Assuming I have stored a short unanalysed field in Lucence is there a way to search for documents where this field contains a specific sub-string.

For example this field value "AA-883 98/67" can be matched with the follow substrings "883", "98/67", "AA-883", "883 98" etc.

I need to combine this with other filters when querying Lucene. This is for Lucene.NET 2.9

1

1 Answers

1
votes

You could use a WildCardQuery, but if a wildcard term starts with a wildcard (* or ?) it will be extremely slow if you have lots of distinct terms in that field.

Here si a little quick example that demonstrate how to write the WildcardQuery. It uses deprecated stuff and should be modified to use non-deprecated overloads, but you should get the idea.

To combine with other queries, you could use the BooleanQuery class, which allows you to combine several queries together.

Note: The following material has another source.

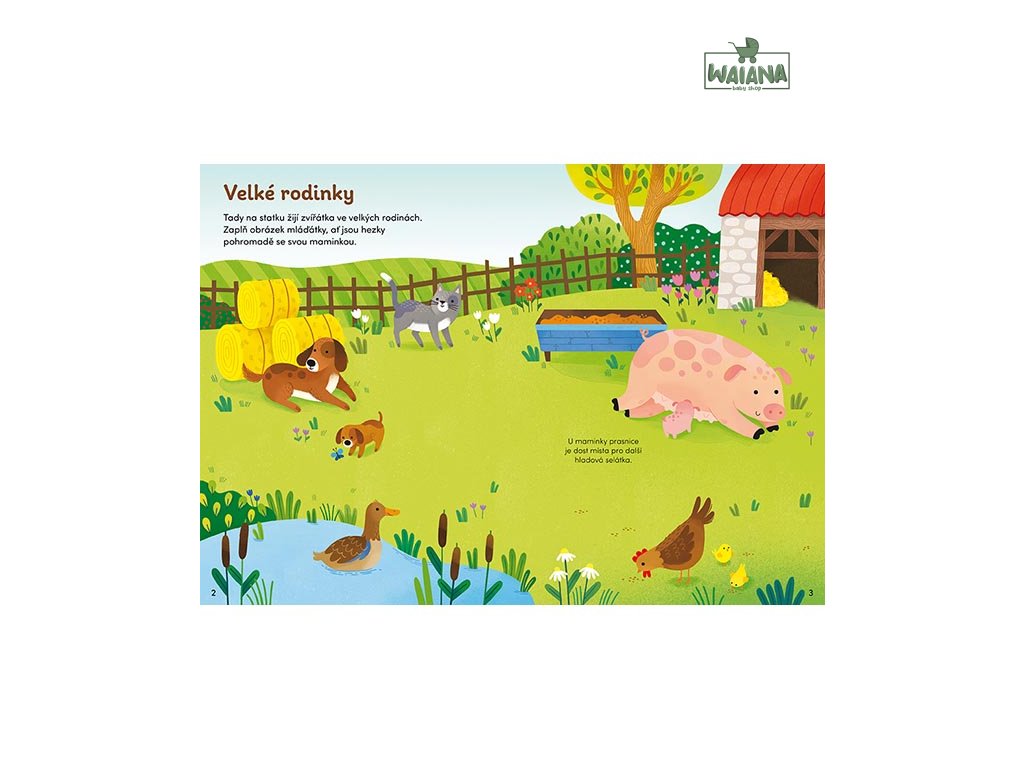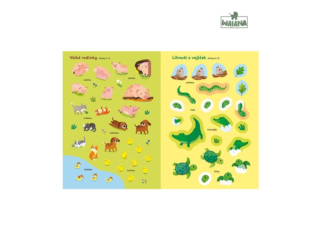 Mláďátka Moje první samolepkováníZábava so samolepkami!S touto samolepkovou knižkou sa detičky zabavia s nálepkami a spoznajú mnoho mláďat. Knižka so samolepkami, ktorá rozvíja kreativituObsahuje 16 strán a viac ako 100 samolepiek, ktoré sa vďaka menšiemu množstvu lepidla dajú opakovane použiť. Skrátka úžasný darček pre každého malého neposedu! Samolepkové knižky sú tiež ideálnou zábavou pre deti na cestách.
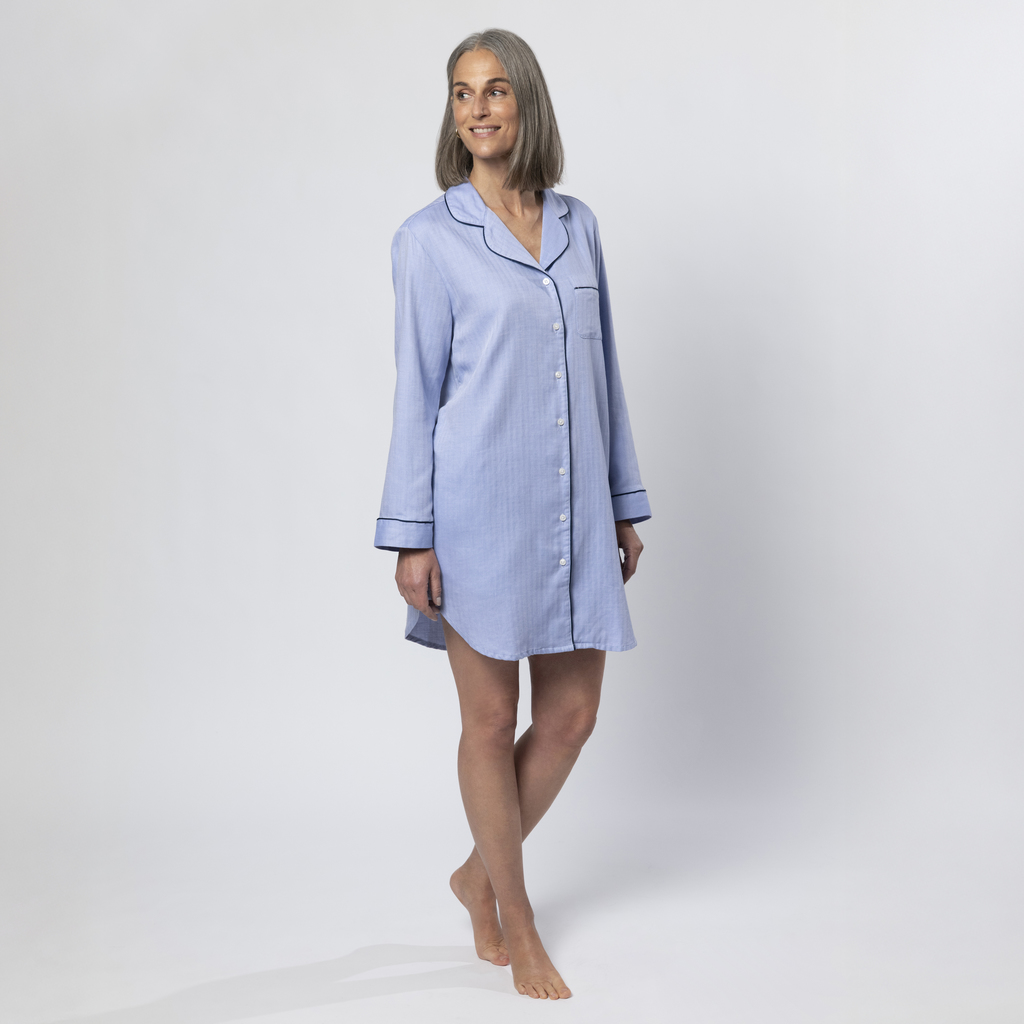 Mit dem klassischen Nachthemd aus Royal Twill – einer edlen, dicht gewebten Baumwolle mit feiner Fischgratstruktur – machen Sie auch außerhalb des Schlafzimmers eine gute Figur. Die

RAMDirectory dir = new RAMDirectory();
IndexWriter iw = new IndexWriter(dir, new StandardAnalyzer());

Document doc = new Document();
doc.Add(new Field("test", "AA-883 98/67", Field.Store.YES, Field.Index.NOT_ANALYZED));
iw.AddDocument(doc);
iw.Commit();

IndexSearcher searcher = new IndexSearcher(iw.GetReader());

WildcardQuery query = new WildcardQuery(new Term("test", "*883*"));
Hits hits = searcher.Search(query);
Console.WriteLine(hits.Length());
// prints 1

query = new WildcardQuery(new Term("test", "*98/67*"));
hits = searcher.Search(query);
Console.WriteLine(hits.Length());
// prints 1

query = new WildcardQuery(new Term("test", "*AA-883*"));
hits = searcher.Search(query);
Console.WriteLine(hits.Length());
// prints 1

query = new WildcardQuery(new Term("test", "*883 98*"));
hits = searcher.Search(query);
Console.WriteLine(hits.Length());
// prints 1

Console.ReadLine();
iw.Close();
dir.Close();